As he opened the door they cried out: "Hold on, Billie! Billie, look here! Say, who is she?"

"What?"

"Who is she?"

"Who is who?"

They laughed and nodded. "Why, you know. She. Don't you understand? She."

"You talk like a lot of crazy men," said Hawker. "I don't know what you mean."

"Oh, you don't, eh? You don't? Oh, no! How about those violets you were moping over this morning? Eh, old man! Oh, no, you don't know what we mean! Oh, no! How about those violets, eh? How about 'em?"

Hawker, with flushed and wrathful face, looked at Pennoyer. "Penny----" But Grief and Wrinkles roared an interruption. "Oh, ho, Mr. Hawker! so it's true, is it? It's true. You are a nice bird, you are. Well, you old rascal! Durn your picture!"

Hawker, menacing them once with his eyes, went away. They sat cackling.

At noon, when he met Wrinkles in the corridor, he said: "Hey, Wrinkles, come here for a minute, will you? Say, old man, I--I----"

"What?" said Wrinkles.

"Well, you know, I--I--of course, every man is likely to make an accursed idiot of himself once in a while, and I----"

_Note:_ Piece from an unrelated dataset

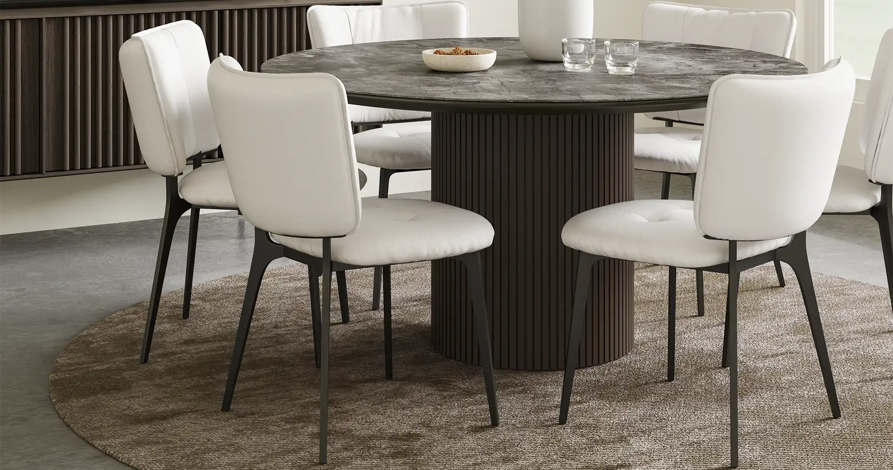 Smooth leather offers a refined look and can be easily wiped clean, making it perfect for dining and family living.

"And you what?" asked Wrinkles.

"Well, we are a kind of a band of hoodlums, you know, and I'm just enough idiot to feel that I don't care to hear--don't care to hear--well, her name used, you know."

"Bless your heart," replied Wrinkles, "we haven't used her name. We don't know her name. How could we use it?"

"Well, I know," said Hawker. "But you understand what I mean, Wrinkles."

"Yes, I understand what you mean," said Wrinkles, with dignity. "I don't suppose you are any worse of a stuff than common. Still, I didn't know that we were such outlaws."

"Of course, I have overdone the thing," responded Hawker hastily. "But--you ought to understand how I mean it, Wrinkles."

After Wrinkles had thought for a time, he said: "Well, I guess I do. All right. That goes."

Upon entering the den, Wrinkles said, "You fellows have got to quit guying Billie, do you hear?"

"We?" cried Grief. "We've got to quit? What do you do?"

"Well, I quit too."

Pennoyer said: "Ah, ha! Billie has been jumping on you."

"No, he didn't," maintained Wrinkles; "but he let me know it was--well, rather a--rather a--sacred subject." Wrinkles blushed when the others snickered.

In the afternoon, as Hawker was going slowly down the stairs, he was almost impaled upon the feather of a hat which, upon the head of a lithe and rather slight girl, charged up at him through the gloom.

"Hello, Splutter!" he cried. "You are in a hurry."

"That you, Billie?" said the girl, peering, for the hallways of this old building remained always in a dungeonlike darkness.

"Yes, it is. Where are you going at such a headlong gait?"

"Up to see the boys. I've got a bottle of wine and some--some pickles, you know. I'm going to make them let me dine with them to-night. Coming back, Billie?"

"Why, no, I don't expect to."

He moved then accidentally in front of the light that sifted through the dull, gray panes of a little window.

"Oh, cracky!" cried the girl; "how fine you are, Billie! Going to a coronation?"

"No," said Hawker, looking seriously over his collar and down at his clothes. "Fact is--er--well, I've got to make a call."

"A call--bless us! And are you really going to wear those gray gloves you're holding there, Billie? Say, wait until you get around the corner. They won't stand 'em on this street."

"Oh, well," said Hawker, depreciating the gloves--"oh, well."

The girl looked up at him. "Who you going to call on?"

"Oh," said Hawker, "a friend."

"Must be somebody most extraordinary, you look so dreadfully correct. Come back, Billie, won't you? Come back and dine with us."

"Why, I--I don't believe I can."

"Oh, come on! It's fun when we all dine together. Won't you, Billie?"

"Well, I----"

"Oh, don't be so stupid!" The girl stamped her foot and flashed her eyes at him angrily.

"Well, I'll see--I will if I can--I can't tell----" He left her rather precipitately.

Hawker eventually appeared at a certain austere house where he rang the bell with quite nervous fingers.

But she was not at home. As he went down the steps his eyes were as those of a man whose fortunes have tumbled upon him. As he walked down the street he wore in some subtle way the air of a man who has been grievously wronged. When he rounded the corner, his lips were set strangely, as if he were a man seeking revenge.